The bureau says census data will shape how $675 billion in federal funding is distributed annually. The Statistics in Schools program offers educators online activities, games and other resources to help them bring statistics to their classrooms and increase interest in the census count.

Census Bureau Director Steven Dillingham asked the Shelby County students for their help in spreading the word.

“Who wants to give your teachers homework?” Dillingham asked the crowd.

The children cheered loudly.

“The homework assignment is to fill out the 2020 census. We need to count everyone living in their homes, including your homes,” he said.

As part of the Statistics in Schools program, officials will be providing kid-friendly census data for teachers to use in classrooms, such as how many ice cream parlors or amusements parks are in their community, said Victoria Glasier, who heads the program.

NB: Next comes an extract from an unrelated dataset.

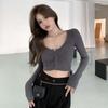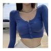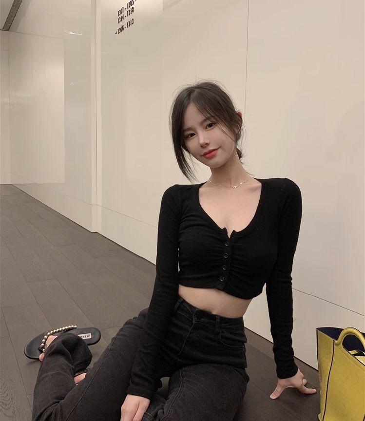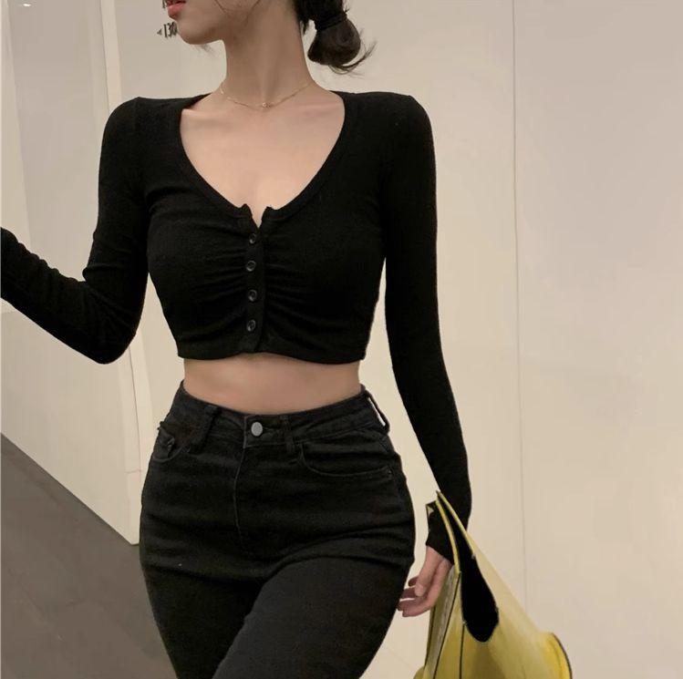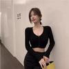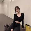 Camiseta de manga larga interior ajustada con cuello en V y cintura alta estilo BM para mujer, ideal para primavera, otoño e invierno.

Students will get a letter, provided in 13 languages, to take home to their parents that explains the census, Glasier said.

Superintendents also will receive information about the census and schools will get wall maps with census data to spread the word.

“This audience has their parents’ ears, so if they learn about that data and they get excited about something, they take that message home,” Glasier said. “We work with teachers to create our activities, and some of them were not aware that the funding that comes to their classrooms is based on this.”

Shelby County Schools is Tennessee’s largest school system, with more than 100,000 students and a $1.4 billion budget.

Audio-visual production teacher Stan Bell wants parents to participate so that he can get more computers, cameras and other technology in his classroom.

Bell, who is black, also hopes the program will encourage minorities to fill out the form by stressing how important the census is. Leaders of some minority groups worry that the reliance on the internet risks undercounting people less likely to be online: low-income households, immigrants and elderly and rural residents.

“There’s a sense of inhibition because they don’t really know what they are signing off on or what they are getting into, or are they exposing too much, or if they’re supposed to do this,” Bell said. “Everybody counts.”